_EXERCISE DESCRIPTION_
Every line from the top of the records through the line containing "花香四溢、欢声笑语的六月悄然" should be retyped exactly; the pictures should not.
——
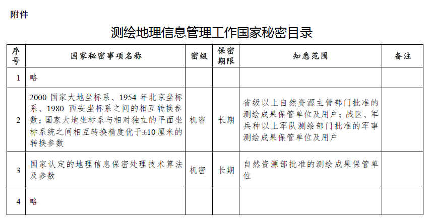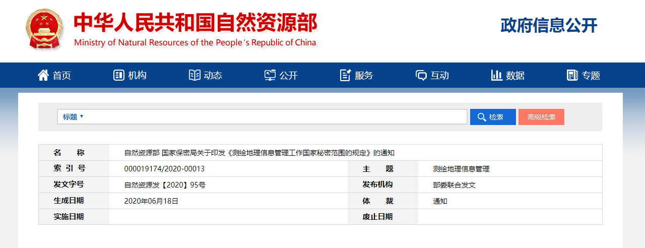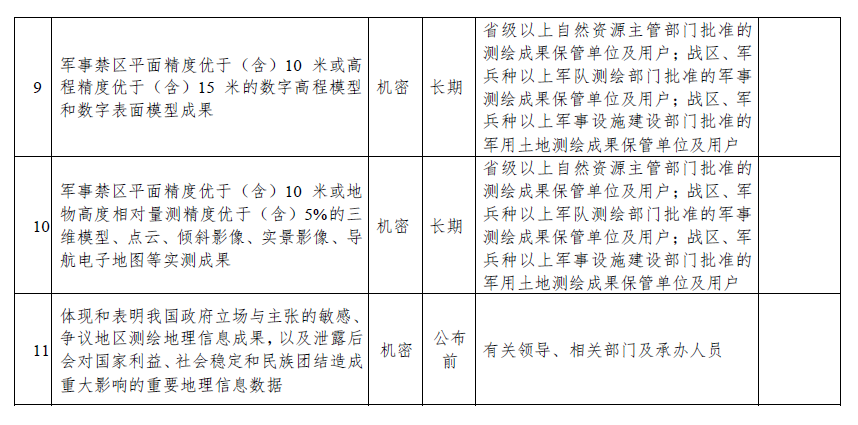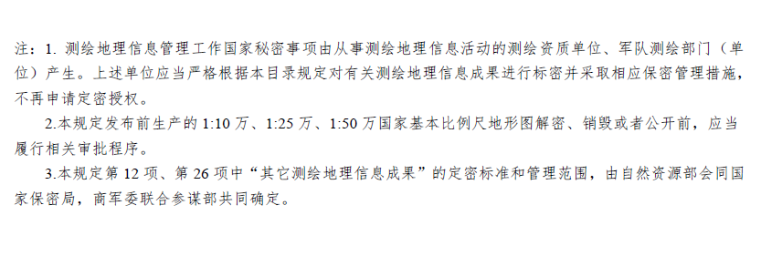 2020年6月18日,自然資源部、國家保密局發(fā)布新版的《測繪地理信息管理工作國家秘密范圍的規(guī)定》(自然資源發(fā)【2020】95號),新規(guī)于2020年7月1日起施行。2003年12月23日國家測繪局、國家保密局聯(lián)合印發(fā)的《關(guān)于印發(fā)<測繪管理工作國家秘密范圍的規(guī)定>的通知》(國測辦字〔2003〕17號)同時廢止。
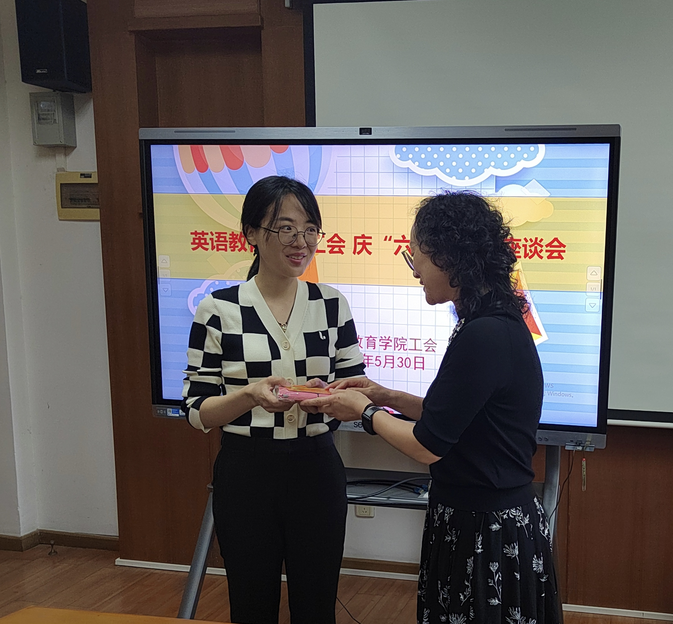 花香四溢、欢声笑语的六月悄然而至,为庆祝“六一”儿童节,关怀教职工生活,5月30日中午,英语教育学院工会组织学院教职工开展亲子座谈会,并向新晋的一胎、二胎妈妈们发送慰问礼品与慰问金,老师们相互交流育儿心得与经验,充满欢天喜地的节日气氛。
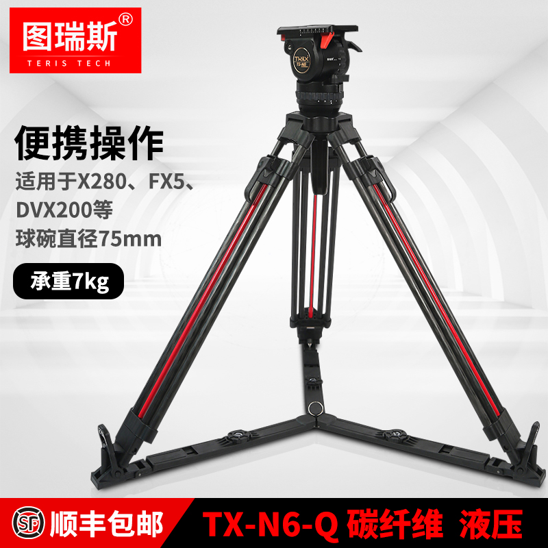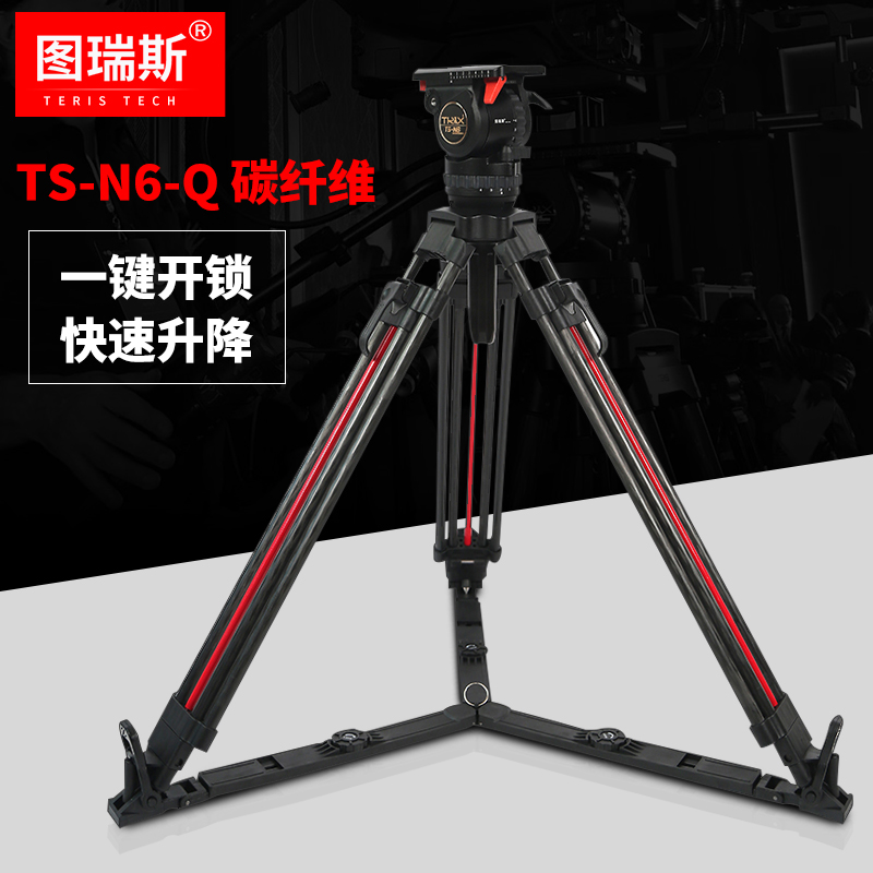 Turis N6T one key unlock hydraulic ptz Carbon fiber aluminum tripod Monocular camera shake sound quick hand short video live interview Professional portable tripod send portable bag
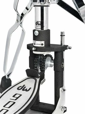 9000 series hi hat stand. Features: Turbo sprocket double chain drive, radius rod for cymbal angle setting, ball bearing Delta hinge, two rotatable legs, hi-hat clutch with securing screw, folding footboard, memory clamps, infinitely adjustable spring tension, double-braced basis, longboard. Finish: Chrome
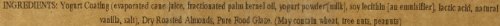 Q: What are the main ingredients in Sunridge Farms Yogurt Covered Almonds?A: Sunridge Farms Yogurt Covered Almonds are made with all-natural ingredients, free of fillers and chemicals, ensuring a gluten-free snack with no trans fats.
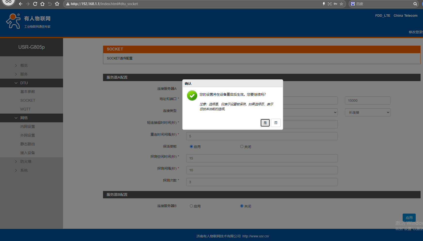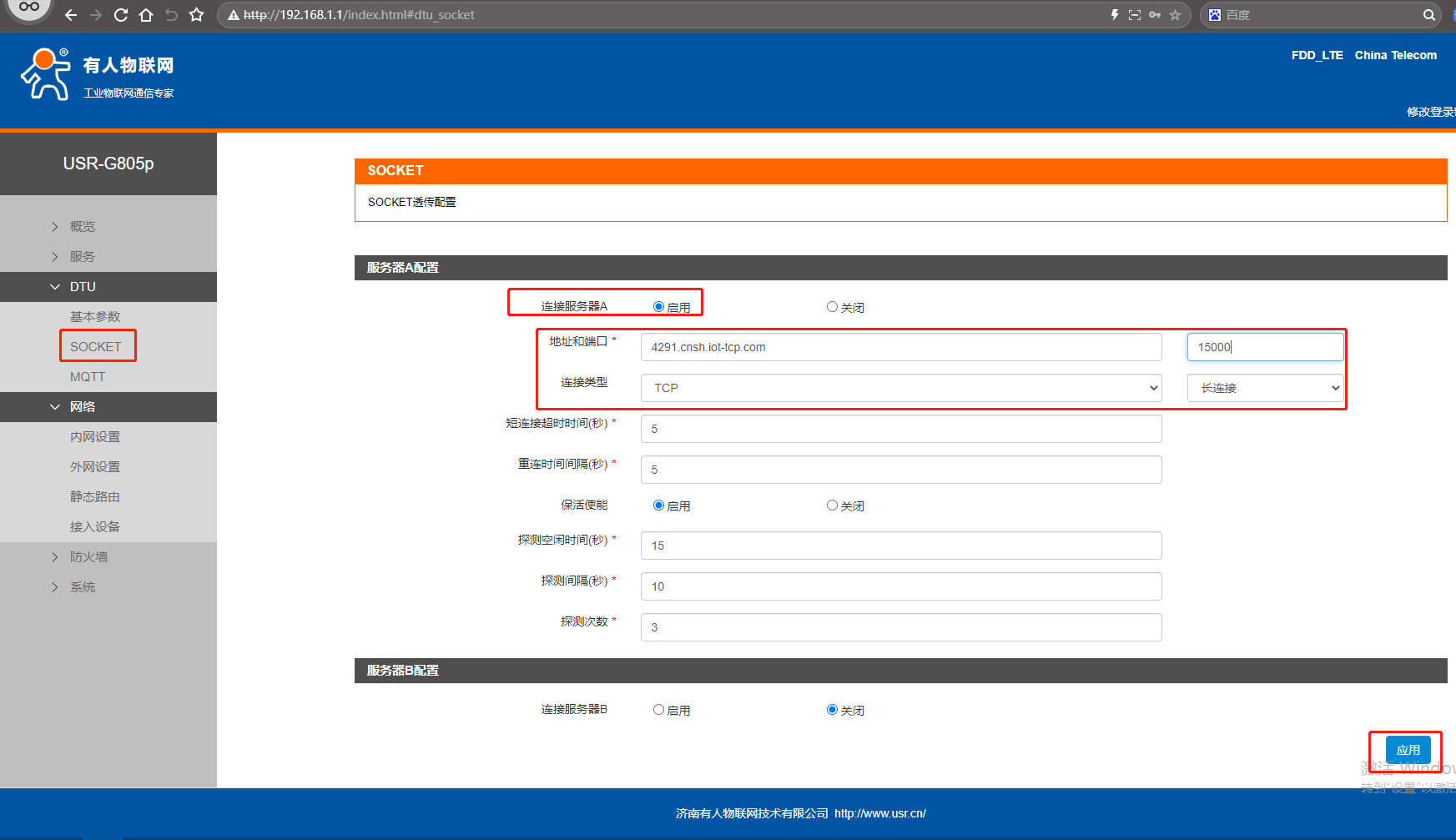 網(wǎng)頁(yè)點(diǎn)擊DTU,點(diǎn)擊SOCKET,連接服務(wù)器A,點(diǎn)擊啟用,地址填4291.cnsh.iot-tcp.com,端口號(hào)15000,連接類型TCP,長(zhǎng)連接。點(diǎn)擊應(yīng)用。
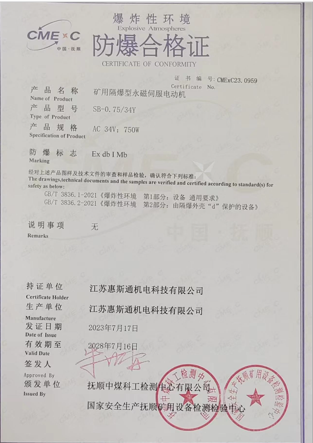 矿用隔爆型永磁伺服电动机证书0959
——
_FINAL ANSWER_
 2020年6月18日,自然資源部、國家保密局發(fā)布新版的《測繪地理信息管理工作國家秘密范圍的規(guī)定》(自然資源發(fā)【2020】95號),新規(guī)于2020年7月1日起施行。2003年12月23日國家測繪局、國家保密局聯(lián)合印發(fā)的《關(guān)于印發(fā)<測繪管理工作國家秘密范圍的規(guī)定>的通知》(國測辦字〔2003〕17號)同時廢止。
 花香四溢、欢声笑语的六月悄然而至,为庆祝“六一”儿童节,关怀教职工生活,5月30日中午,英语教育学院工会组织学院教职工开展亲子座谈会,并向新晋的一胎、二胎妈妈们发送慰问礼品与慰问金,老师们相互交流育儿心得与经验,充满欢天喜地的节日气氛。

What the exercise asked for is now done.